Examine how your fractional CFO is spending their hours each month. If too much time goes into low value work, adjust their responsibilities and prioritise projects that impact the bottom line. This ensures you maximise the strategic financial leadership from your fractional CFO.
To get the most from your fractional CFO, create an environment where open communication,transparency and constructive feedback are encouraged. Make it clear your fractional CFO should feel comfortable:
– Providing objective opinions on your finances and business model
– Suggesting new metrics and analyses to guide decisions
– Flagging changes and improvements needed in financial processes
– Identifying areas where additional financial support is needed
– Delivering tough messages about the company’s financial position
Your fractional CFO’s outside perspective is incredibly valuable – take advantage of it. You want an advisor who proactively shares ideas and provides unbiased recommendations.
Also, be receptive to feedback from your fractional CFO on ways leadership can better support them or improve collaboration. Don’t get defensive if they bring up issues. Your fractional CFO wants to add value but needs information and input from you to do so.
Regular check-ins are a great way to exchange constructive feedback. Make any needed adjustments to the engagement that allow your fractional CFO to provide maximum impact.
Periodically, examine the fractional CFO engagement and assess:
– Is their time focused on the right priorities?
– Are you getting value commensurate with the spend?
– Is the communication regular and impactful enough?
– What’s working well about the engagement and what can be improved?
Be willing to discuss adjustments to better meet your company’s evolving needs. You may need more or less hours from your fractional CFO depending on business conditions and strategic goals.
Key aspects of the engagement model to review:
– Needed hours per week or month.
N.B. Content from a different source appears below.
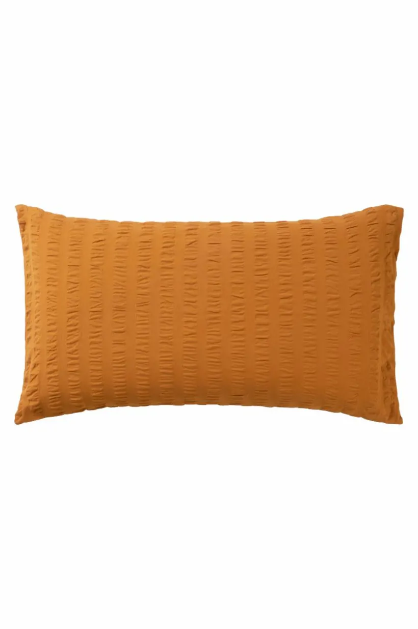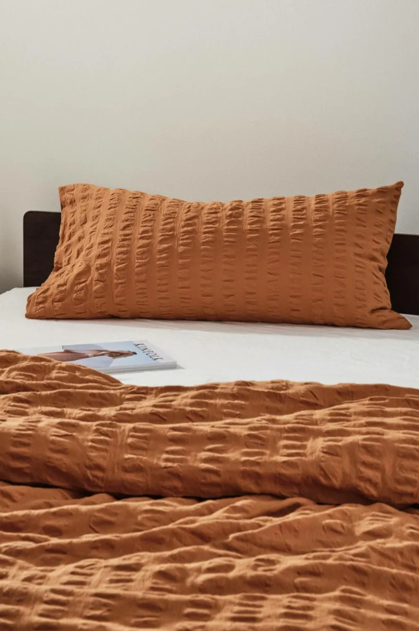 Örngott i skön bäckebölja av certifierad, ekologisk bomull. Bäckebölja är en luftig kvalité och det bubbliga tyget känns svalt och andas behagligt. Serien KIMMI är enfärgad och samtidigt randig. Varannan rand är slätt, vävt tyg och varannan rand är i bäckebölja. Tyget är garnfärgat och tvättat för att få en mjukare känsla. Trådtäthet på 120 tc. (Trådtätheten talar om antalet trådar, thread counts, per kvadrattum i ett tyg. Ju högre trådtäthet desto högre kvalité.)
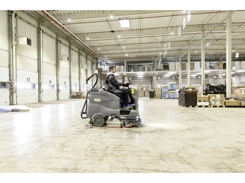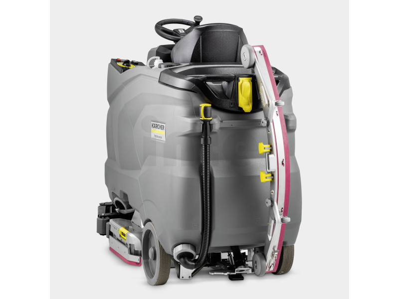 KÄRCHER B 150 R Bp Pack 220Ah AGM, DOSE, 2xRI, Mop + R85 je profesionální podlahový mycí stroj s posedem a odsáváním, ideální pro ekonomické hloubkové a údržbové čištění větších ploch. Díky nové hliníkové válcové kartáčové hlavě s integrovanou funkcí před-zametání poskytuje vynikající výsledky čištění při minimální spotřebě zdrojů. Pracovní šířka 85 cm a nádrž o objemu 150 l umožňují plošný výkon až 5 100 m²/h.

Reduce hours if the fractional CFO is not fully utilised but increase if they are stretched thin.
– Scope of responsibilities. Dial up or down specific roles to align with current needs.
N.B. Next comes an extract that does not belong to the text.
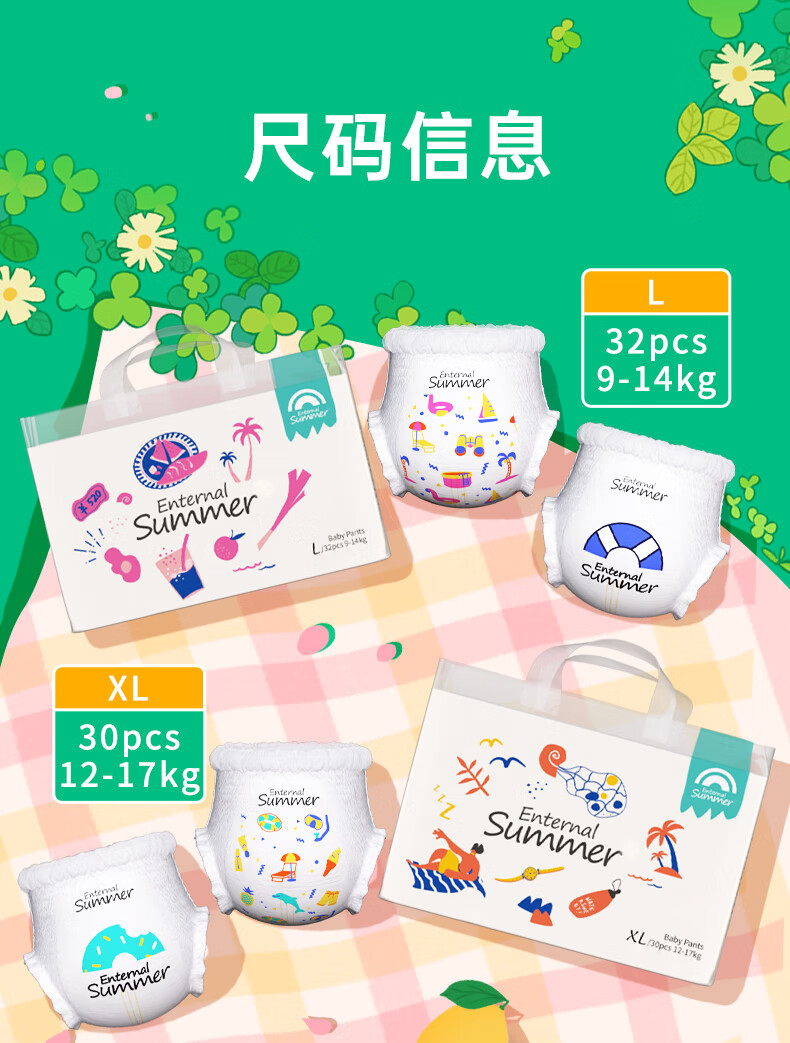 盛夏光年 夏日么么茶拉拉裤XXXL码24片(18kg+)训练裤超薄透气特大码尿不湿

– Communication cadence and access. Increase touch points during busier periods.
– Reporting relationships and team integration. Ensure proper connectivity across finance and exec teams.
By regularly reviewing the fractional CFO engagement, you can ensure you maximise the strategic value from this role over time. Course correct quickly if you find the functions not delivering expected impact.
Hiring a fractional CFO allows growing companies to afford senior-level financial expertise – a huge competitive advantage. Follow these five tips to ensure your fractional CFO engagement is optimised for maximum strategic value:
1. Clearly define the fractional CFO’s role and ideal responsibilities.
2. Maintain consistent communication and integrate them into leadership.
3. Focus their time on high value-added activities, not just transactions.
4. Encourage open feedback and exchange of ideas.
5. Review the engagement model regularly and adjust as the business evolves.
With the right fractional CFO, and the above best practices, companies can cost-effectively get the financial leadership they need to drive growth and performance. Implement these tips to maximise the ROI from your fractional CFO.